Bewusstseinspionier für eine Religion und eine Wissenschaft der Liebe

Autor: Jürgen Schröter
Kategorie: Philosophie
Ausgabe Nr: 77

Als französischer Jesuitenpater und Naturwissen¬schaftler erwacht Teilhard de Chardin in den Schützengräben des ersten Weltkrieges zum Mystiker. In diesem Szenario blickt er erstmalig hinter den Schleier der dramatischen Gegensätzlichkeit von »Gut und Böse«, »Freund und Feind«, »Krieg und Frieden« und zu guter Letzt auch von »Leben und Tod«.

Dieser Artikel knüpft an meinen Artikel in der Tattva Viveka 76 über New-Age-Philosophen als Pioniere der Verbundenheit von Spiritualität und Wissenschaft an. In diesem Artikel wurde schon der französische Jesuitenpater und Naturwissenschaftler Pierre Teilhard de Chardin (1881 – 1955) herausgestellt, der ein neues Kapitel der Verbundenheit von Mystik und Naturwissenschaft aufgeschlagen hat. Wir wollen dies nun vertiefen.

»Teilhards Überzeugung, im Herzen der Materie schlage das Herz eines Gottes, ist der kühnste Brückenbau, der zwischen Wissenschaft und Glaube, Mensch und Materie, Vergangenheit und Zukunft bisher versucht worden ist.«

Teilhard-Biograph Günther Schiwy (Lesebuch, S. 13) Pater Teilhard de Chardin strahlt eine charismatische Faszination aus, die bis heute nicht nachgelassen hat. Er ist ein in den Schützengräben des ersten Weltkriegs erwachter Mystiker. Als Geologe, Paläontologe und Anthropologe ist er ein anerkannter Naturwissen­schaftler. Er ist der erste christliche Theologe und Religions-Philosoph, der die darwinsche Evolutionstheorie mit dem christlichen Bibel-Dogma in Einklang gebracht hat.

Wir suchen heute noch nach der »Religion der Zukunft«. Pater Teilhard hat sie bereits skizziert – als weibliche Religion, als feministische Spiritualität, als christlicher Feminismus: das »Ewig-Weibliche« und ihre Anziehungs­kraft.

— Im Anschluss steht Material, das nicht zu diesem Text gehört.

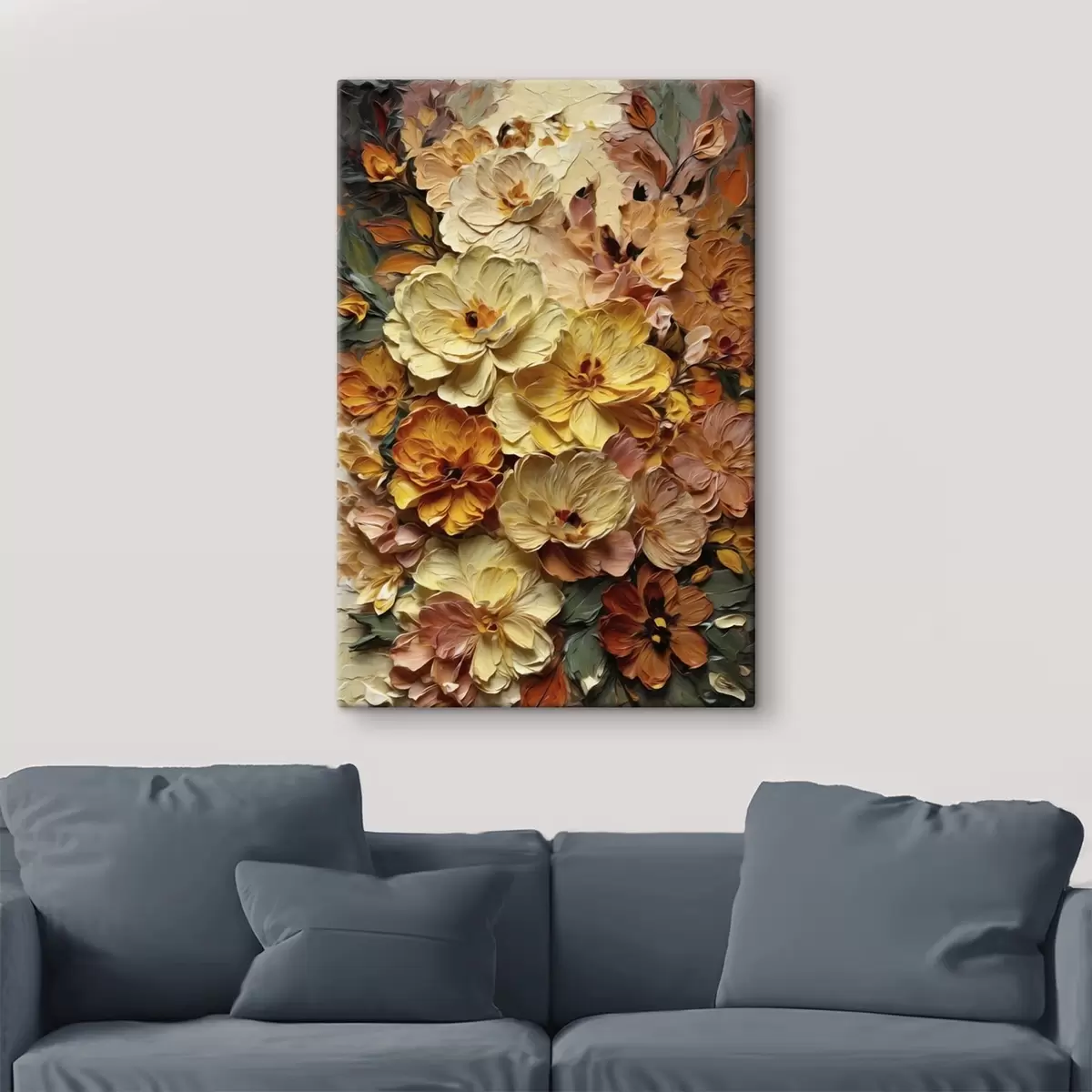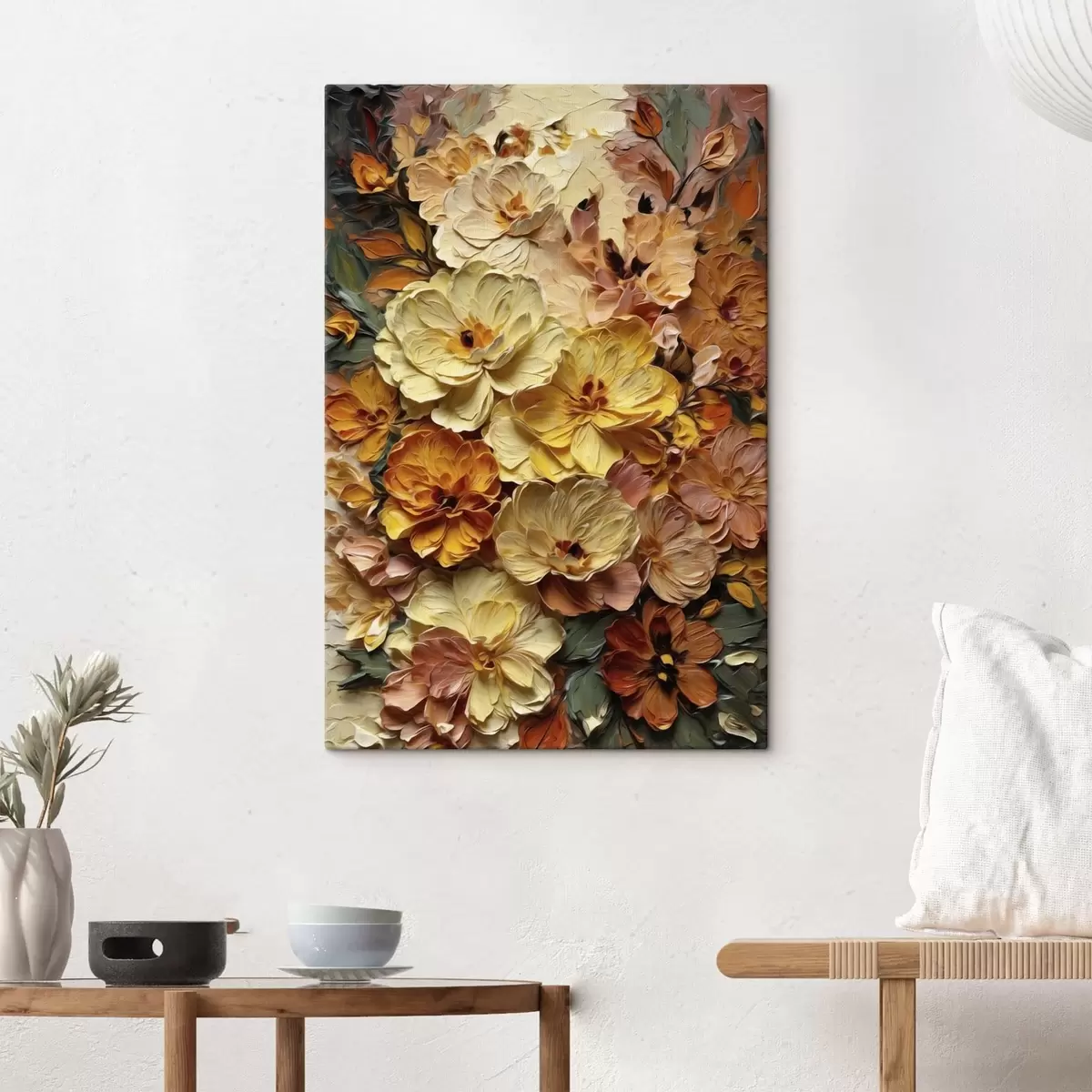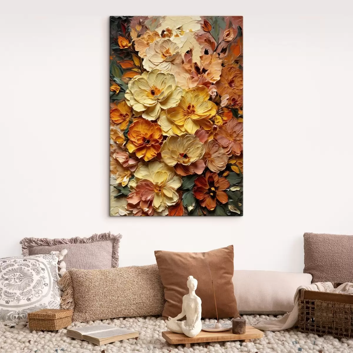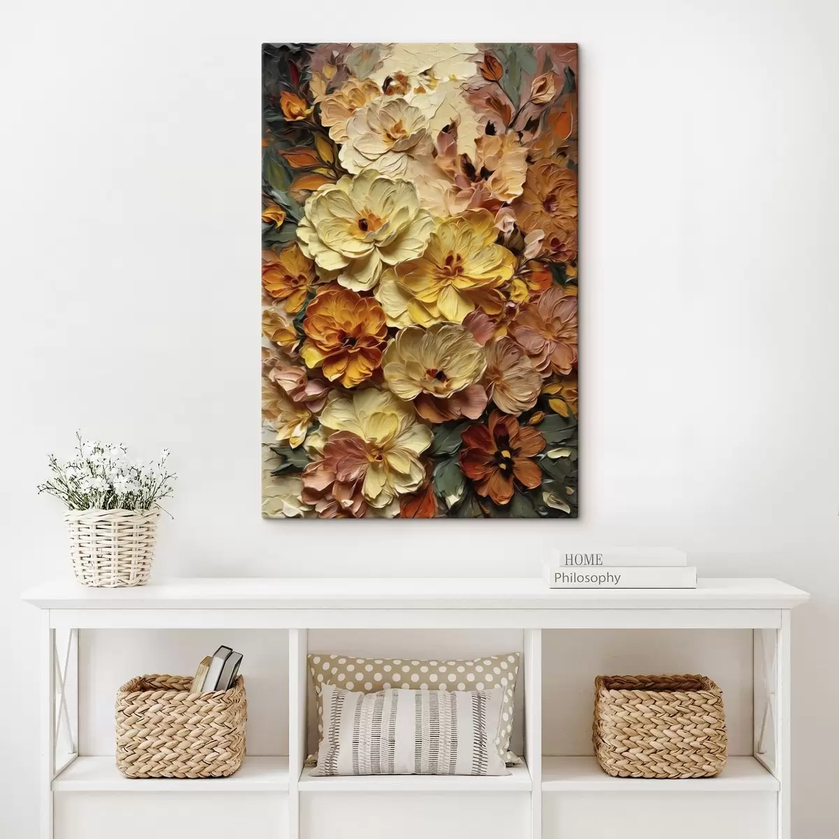 Obraz Bujna kompozycja z żywych kwiatów w ciepłych odcieniach Nr s47760
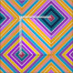 Fabric i en tealblått, guld och lila med blå modern mönster, vit bakgrund kan ändras till vilken färg som helst

Die Liebe ist für ihn die Kraft, die – gegen die Kräfte des Bösen und der Entropie – alles zum »Punkt Omega« führt, die Vergöttlichung des Kosmos im »Leib Christi«.

Damit hat er auch eine spirituelle Evolutionstheorie der Liebe im Ansatz erschaffen.

Pierre Teilhard de Chardin hat durch das Publikationsverbot seines Jesuitenordens nicht viele Bücher hinterlassen, im Grunde nur vier: »Das göttliche Milieu« (1926), »Der Mensch im Kosmos« (1949), »Das Herz der Materie« (1950) und »Die Entstehung des Menschen« (1950). Die weitaus meisten Schriften sind Essays, die in den Werkausgaben zu finden sind (im Französischen in 13 Bänden, im Deutschen in 10). Umfangreich sind auch Tagebücher und Briefe an Freunde, Verwandte oder Frauen. Frauen waren wichtige Adress­aten seiner Briefe, die Musen seiner allumfassenden Liebe. Diese Briefe an Frauen sind die umfangreich­sten, die uns das innere Leben Pater Teilhards besonders nahe­bringen. Mit ihnen diskutiert er immer auch Glaubensfragen, sei es eine Autorin der Literatur, eine Feministin, eine Marxistin, eine Geologin oder eine Künstlerin.

Teilhard de Chardin
Der französische Jesuitenpater und Naturwissenschaftler Teilhard de Chardin

Das äußere Leben von Teilhard de Chardin

Marie-Joseph (!) Pierre Teilhard de Chardin wird am 1. Mai 1881 als viertes von 11 Kindern in einer französischen Landadels-Familie gut behütet und »hochwohl« in der Nähe von Clermont-Ferrand (Zentral­massiv) geboren. Er hat zeit seines Lebens als Edelmann etwas Aristokratisches und Ritterliches. Die Familie ist streng katholisch, die Mutter eine sehr fromme »Herz-Jesu«-Frau, der Vater ein natur­verbundener Mann, der in den Kindern das Interesse für die Natur, Mineralien, Fossilien, Pflanzen und Insekten weckt. So findet Pierre in seinen Eltern beide Seiten seines späteren Lebens: das Religiöse und das Naturwissenschaftliche. Teilhard ist 1911 noch skeptisch, dass sich Theologie und Evolutionstheorie miteinander vereinbaren lassen. Er hat sein paläontologisches Studium noch nicht abgeschlossen, war noch nicht zum Mystiker erwacht. Doch irgendwie fasziniert ihn die Idee der Evolution in dieser Zeit: »Dieses magische Wort ›Evolution‹, das in meinem Denken immer wieder kam wie ein Refrain, wie ein Geschmack, wie ein Versprechen und wie ein Apell.« (Zitiert nach Schiwy, Bd.1, S. 206 / Das Herz der Materie, S. 41)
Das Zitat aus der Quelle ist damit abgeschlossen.